|Some houses along the beach.|
|Two children playing on the beach.||This dog started to wade out into the surf. I don't know why—there wasn't anyone out there.|
Meanwhile, Marcie had started preparing Easter dinner, consisting of a canned ham (which looked like Spam but tasted much better), fresh chunky mashed squash, and steamed broccoli. Before dinner was ready, the wind shifted as rains moved down from the mountain. Our location in the anchorage had been quite comfortable, but as all the boats swung into the fresh breeze, the geometry changed and our location suddenly became compromised. We wound up swinging very close to a sailboat behind us and a local fishing boat in front of us; the man on the sailboat came on deck and complained to David that we were too close. David at first announced that we would move the boat, but with brisk winds and approaching darkness that would have been risky. Instead, he decided we would stand watches all night to monitor the situation and we'd move the boat in the morning. We started watches immediately and wound up having Easter dinner in the damp cockpit, dimly lit by the anchor light above the boom gallows. Nevertheless, Easter dinner was delicious.

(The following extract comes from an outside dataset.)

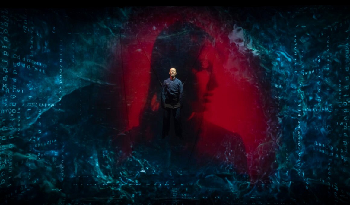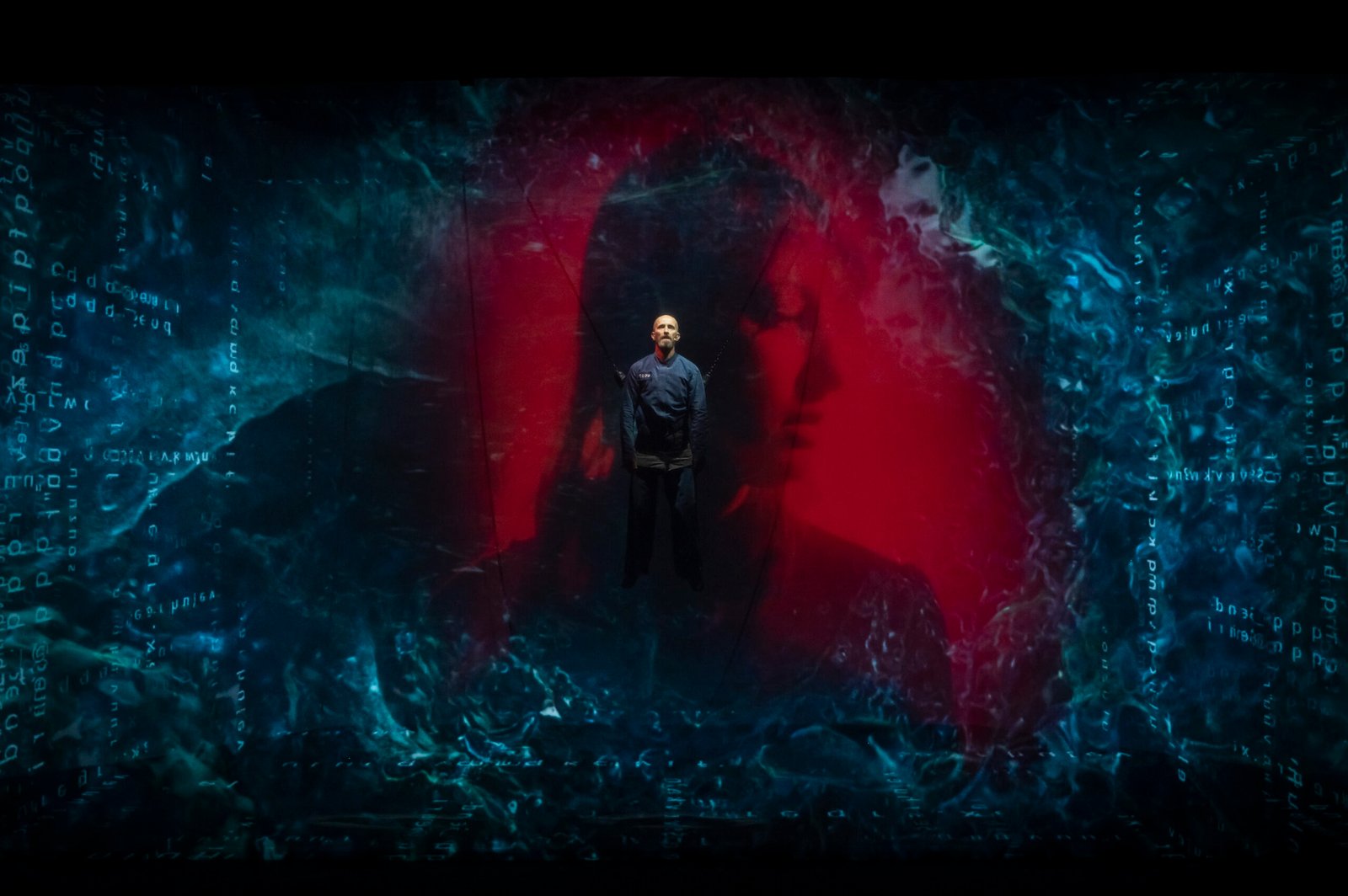 El telón se levanta para dejar ver, tras de sí, a un hombre tirado sobre la obscuridad, encadenado. Cual títere, es elevado, de a poco, al centro de la escena para, una vez llegado ahí, romper el silencio con gritos provocados por las descargas eléctricas sobre él, al tiempo que cuatro enormes pantallas se encienden alrededor generando una especie de cárcel, de orbe digital y tecnológico donde el Gran Hermano se presenta como un dios omnipotente que visualiza y controla cada aspecto de la vida pública y privada de la sociedad.

My 8:00 p.m. to 12:00 midnight watch was a little dicey since the wind varied in both speed and direction. Combined with the tidal current flowing through the anchorage, this caused boats to swing this way and that way. Due to the varying effects of wind and tide, sometimes adjacent boats would point in different directions, greatly complicating the geometry. Twice I had to call David when it looked like we would hit the fishing boat in front of us. It was a long watch and I was glad when David finally relieved me.
Monday, April 12, 2004 (Day 15 in the Galápagos Archipelago)

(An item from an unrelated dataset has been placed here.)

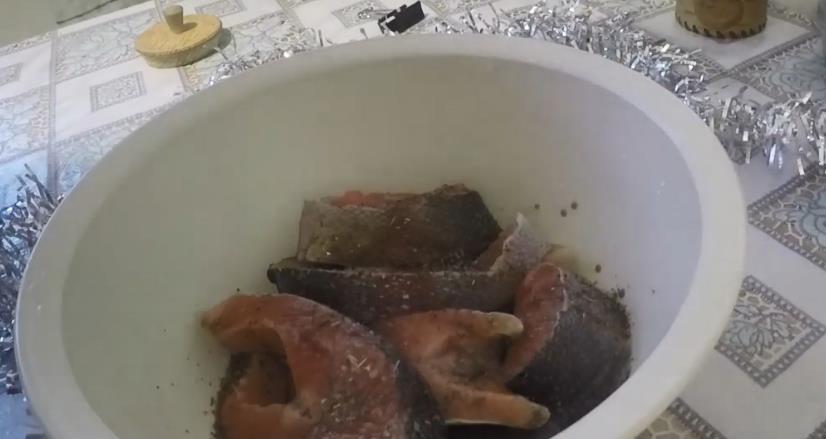 - Через сутки достаём продукт, снимаем остатки соли салфеткой.

This morning, we got up early to move the boat during the calm of the morning. It had rained several times last night (though not heavily) and everything on deck was wet. While we were preparing to get under way, we saw a big school of fish swirling around in the water near the boat. There were hundreds of silvery fish from 6" to 10" long. I saw a sea-lion swim towards the fish, and the fish surged away en masse with the trailing edge of the school appearing almost as a solid line. We moved the boat without any difficulty although the new location wasn't as comfortable since it was more exposed to ocean swell.